セレクトのキーワードは“最小単位のプロダクト”。「モノづくり目線で“面白い”ものを集めています。作り手の思いが反映している小さな単位で作られているプロダクトを大切にしたいと思っています。ジャンルを超えた同じ空気感を感じるセレクトを実感できることができます」という築地さんの言葉は、生産国や年代、タイプやデザイン傾向などさまざまなカテゴリーの縛りを超えて、共通の感覚を持てる新しい物選びをしていると言えそうです。「小さい単位でつくるものは安くできないし、贅沢でもあるんでけど、“面白い”ってそういうことかなと考えました。想像力をかき立てるもの、ストーリーのあるものを選んでいきたいと思います」。

『ドワネル』の外観。ドイツや、ベルギーにあるギャラリーや雑貨屋さんをヒントにデザイン。
ワインと雑貨がすっきり仲良く陳列されています。手前はTEMBEAとのコラボで作ったワイントート7,875円。
『ドワネル』は、のんびり陳列(?)。ベルント・フリーベリなどコレクティブルなアイテムが。
『ドワネル』は現行品が中心。おうちの中のお掃除道具もいっぱい。
ラピエールの思想を受け継ぐジュラのフィリップ・ボールナール。
優しい色と薄くて少し変形した風合いが絶妙なオランダ、マッカム社のカップ。

できたばかりの『ビオトープ』は、事務所を兼ねたフロアにしつらえられた正方形のオリジナルの棚に、北欧でよく見かける圧縮陳列で、商品がぎゅぎゅっと詰め込まれています。フィンランドとスウェーデンのヴィンテージが中心。「前回のお店はストックホルムのアンティークショップをイメージしていました、今回はフィンランドのアンティークショップのイメージです。仕切られた圧縮陳列は、お客さんに商品のことを伝えやすくなるうえ、オープンストックで在庫を把握できます。そしてグリッドの中で商品構成やディスプレイを考えるのが、楽しいんです」。

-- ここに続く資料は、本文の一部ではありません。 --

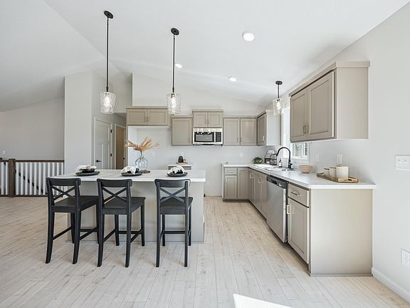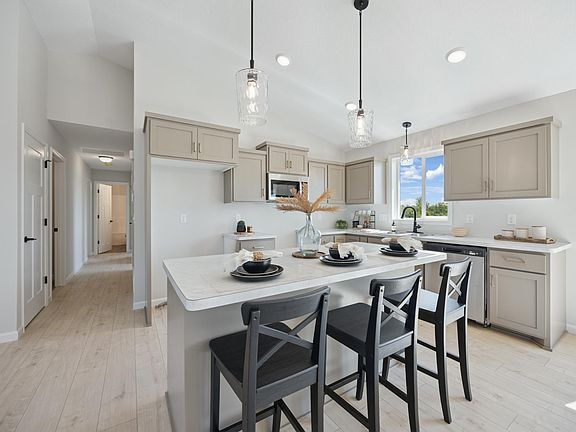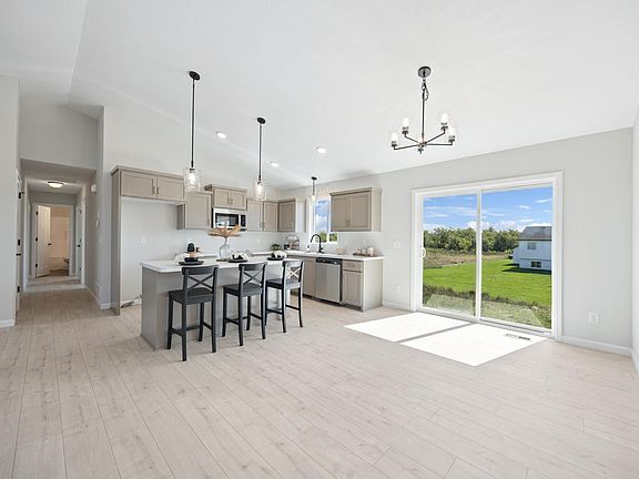 New construction home in Clear Lake! This beautifully built rambler by local builder Heartland Homes offers quality craftsmanship and thoughtful design with 3 bedrooms, 2 bathrooms, and a 4-stall garage with a concrete driveway! Step inside from the covered front porch to discover a front entry with built-in bench, Sherwin Williams Drift of Mist throughout and an open concept layout! The kitchen features durable laminate countertops, a center island, and poplar cabinets with black hardware and soft close drawers. The spacious primary suite includes a private ¾ bath with marble countertops and a walk in closet. All three bedrooms are conveniently located on the main level, along with a main level laundry room. The full walkout lower level is unfinished and awaits your finishing touches. Full yard sod! Just beautiful!

年に6〜8回ヨーロッパに買い付けに出ているという築地さんの興味も、いまスウェーデンからフィンランドへ。「ぱきっとしている……。クリーンで、モダンで、シンプルなものが多い。最近、気分な感じ」とぽつり。2つの国の棚の境界線も、徐々にフィンランドが攻めていくことになりそうです。

では、こちらのお店のキーワードはなんでしょう?

「さて、どうしようかなと思っているところです。キッチンを展示スペースに入れこんで、お客さんに飲み物とか出せるスペースにするのもいいな、とか……。最初からばっちりとはルールや方向性を決めずに、徐々に変えていければいいなと思ってます」。コンセプトも将来も未知数のままスタートした『ビオトープ』。どこへ行くかは、これからのお楽しみです。
 

biotope(ビオトープ)
http://www.biotope.biz/
Tel:03-6447-0581
 
doinel(ドワネル)
http://doinel.net/
Tel:03-3470-5007
営業:13:00〜21:00 水曜定休

東京都港区北青山3-2-9小林ビル1,2F

*『ビオトープ』は2010年内は、アポイント制です。